For more information about installing and activating ORCA base models, see [v42.3] Installing ORCA VLMs.
Using ORCA to process submissions
In order to process submissions through ORCA, you’ll need one of the following:
the “Vision Language Model Flow via GPU” flow obtained from Hyperscience
a flow that uses the “Document Processing with ORCA Subflow”, which is included in Hyperscience v42.3 and later
a custom flow that contains the ORCA blocks required for your use case.
Unless you are using ORCA through only the ORCA Composite Block in a custom flow, your flow needs to have a release with at least one layout in order to use ORCA.
ORCA can extract data from fields only; it cannot be used to extract data from tables.
It also cannot process Structured documents. In order to process Structured documents in a flow that includes an ORCA VLM, you will need to create a custom flow that can separate the processing of Structured and Semi-structured documents.
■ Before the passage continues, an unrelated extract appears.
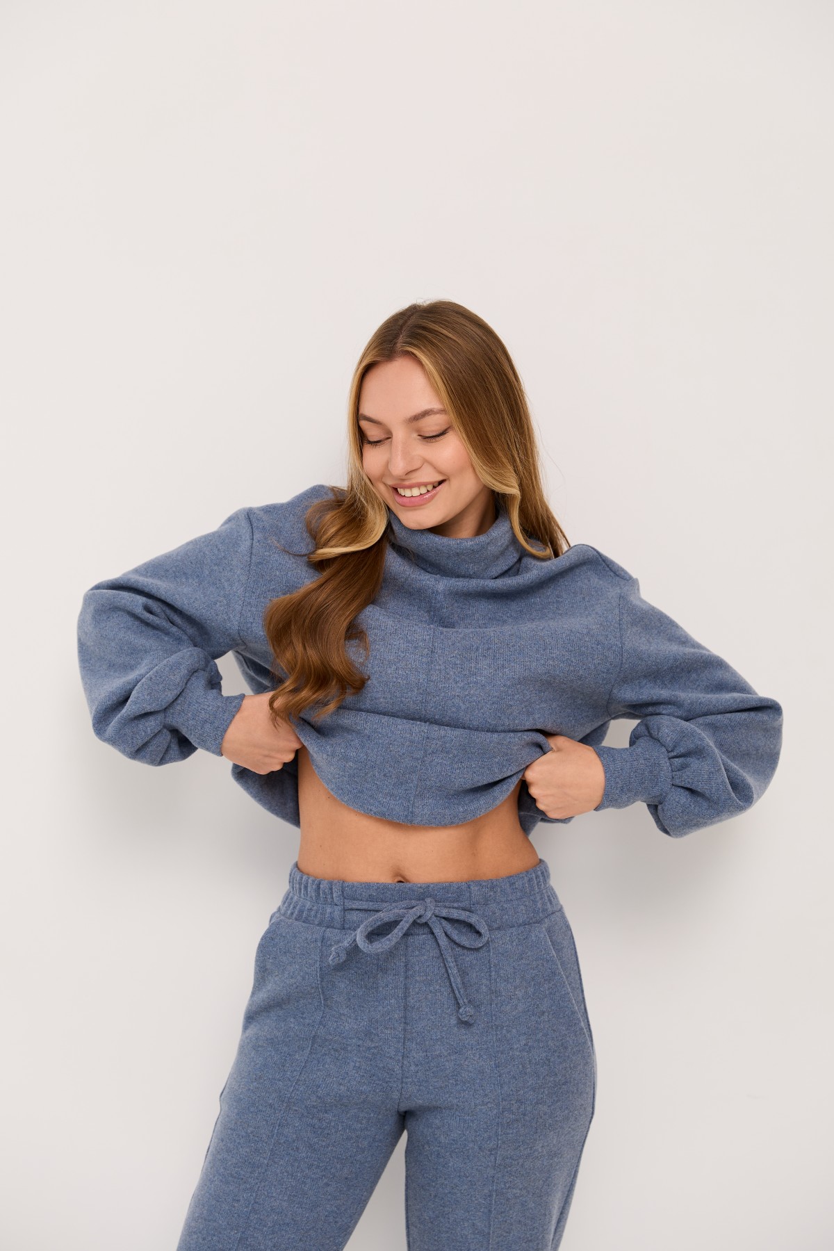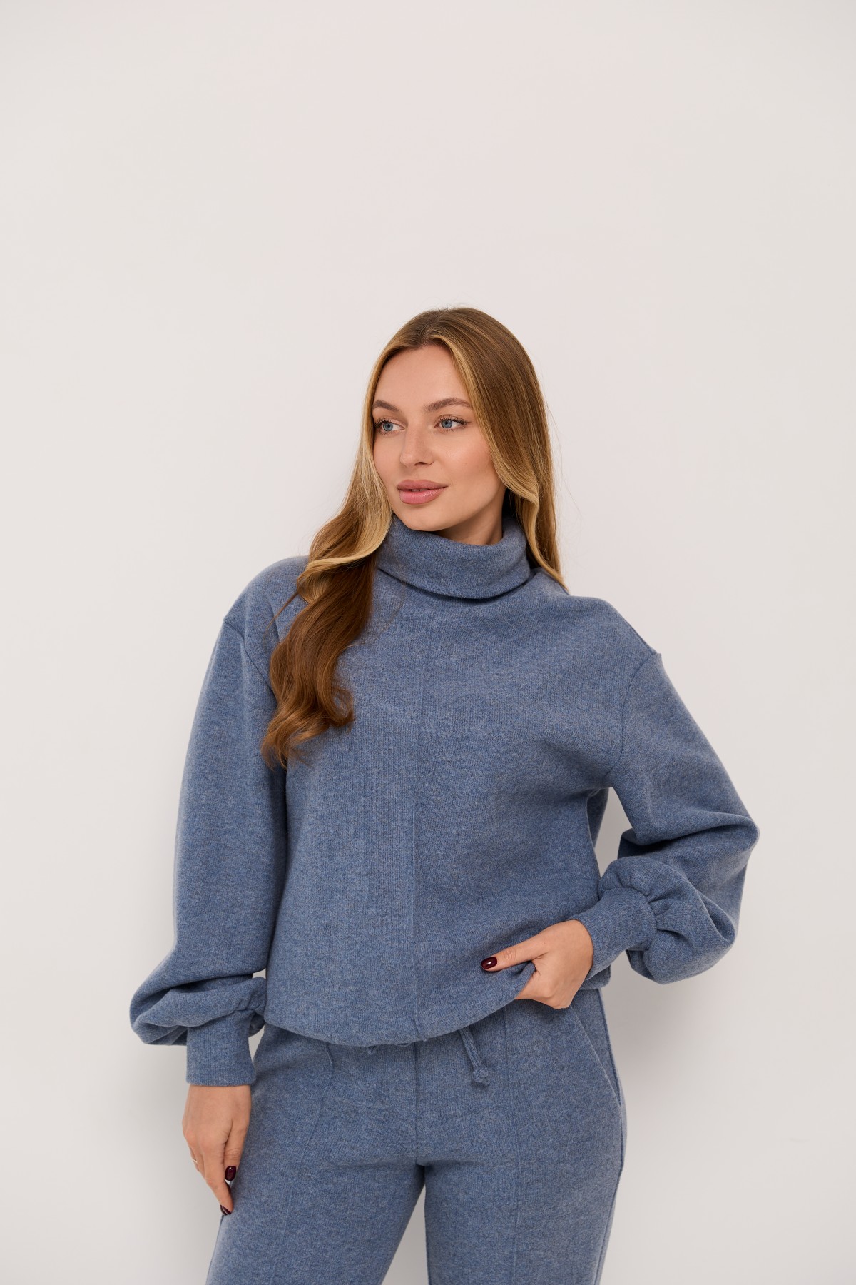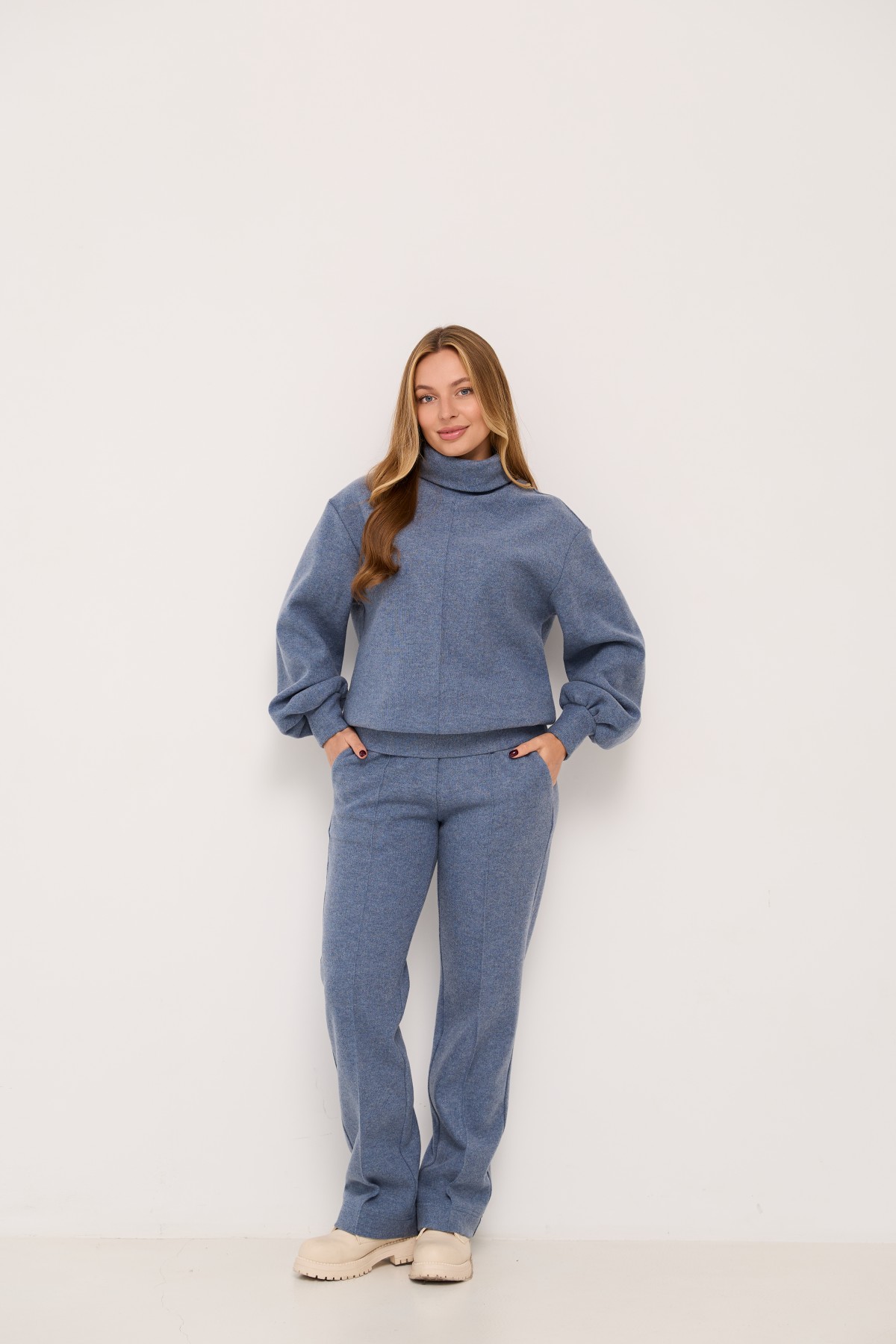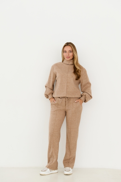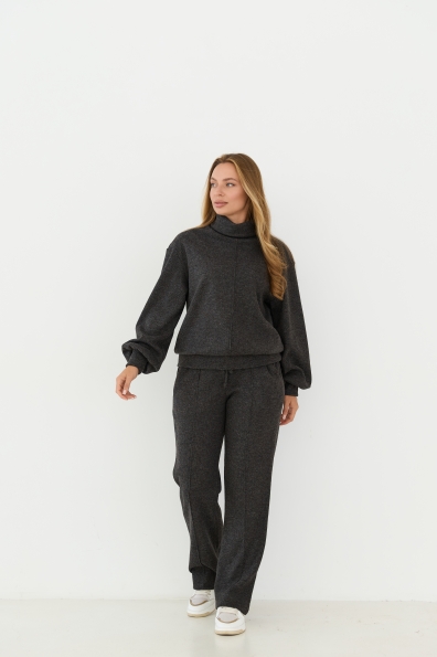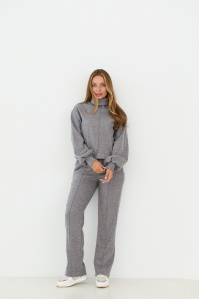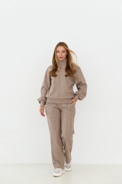 Костюм виконаний у стилі спорт-шик, світшот прямого силуету штани класичного крою. Світшот довжиною до стегна, штани до щиколотки. У штанах пояс на резинці. Одношовний, довжиною до запястя. На штанах кишені зручно розташовані у бічному шві. Костюм чудово поєднує в собі зручність та елегантність, його можна носити під різні варіанти взуття на низьких підборах. Доповнивши образ взуттям на високих підборах, можна відвідати урочистий захід або поїхати на романтичне побачення.

“Vision Language Model Flow via GPU” settings
The settings available in the “Vision Language Model Flow via GPU” flow are listed below according to their type. To view settings of a particular type, select that type from the Settings Type drop-down list in the flow’s settings.
LLM Install
Name | Required? | Description |
|---|---|---|
Model Name | Yes | The name of the model to be installed, if it is not already present. Installation occurs when a submission is processed through the flow. This same model is used to process the flow’s submissions. ORCA is the only valid value in v42. |
Cloudsmith Key | No | The Cloudsmith key for your instance. This setting is not applicable to SaaS deployments. Hidden by default. |
Vision Language Model
Name | Required? | Description |
|---|---|---|
Target Accuracy | Yes | The submission-level transcription accuracy targeted by the system, entered as a value between 0.0 and 1.0, inclusive (cannot be blank). |
Show Machine Predictions in Supervision | No | When enabled, predicted transcriptions that the system has low confidences in are pre-populated in this flow’s Supervision tasks. Hidden by default. |
Max Image Tokens | Yes | The maximum number of tokens used to read each page, which should be scaled based on the density of pages' content and how difficult it is to read any text (handwritten or printed) on the pages. Hidden by default. |
Sliding Window Size | Yes | The number of pages processed by the model at once, which may affect throughput and GPU-memory usage. Hidden by default. |
Max New Tokens | Yes | The maximum number of tokens used to extract data from each page, which should be scaled based on the number and length of fields to be extracted. Hidden by default. |
Quality Assurance
Name | Required? | Description |
|---|---|---|
Quality Assurance Flow | No | The flow that is called to generate VLM QA tasks. If you would like to include VLM QA tasks in your flow, select Vision Language Models QA in the drop-down list. |
Document Processing with ORCA Subflow
This subflow is available in v42.3 and later and is designed to be used with the “Document Processing” top-level flow that is also included in Hyperscience instances.
More information about this subflow and its settings can be found in Document Processing with ORCA Subflow Settings.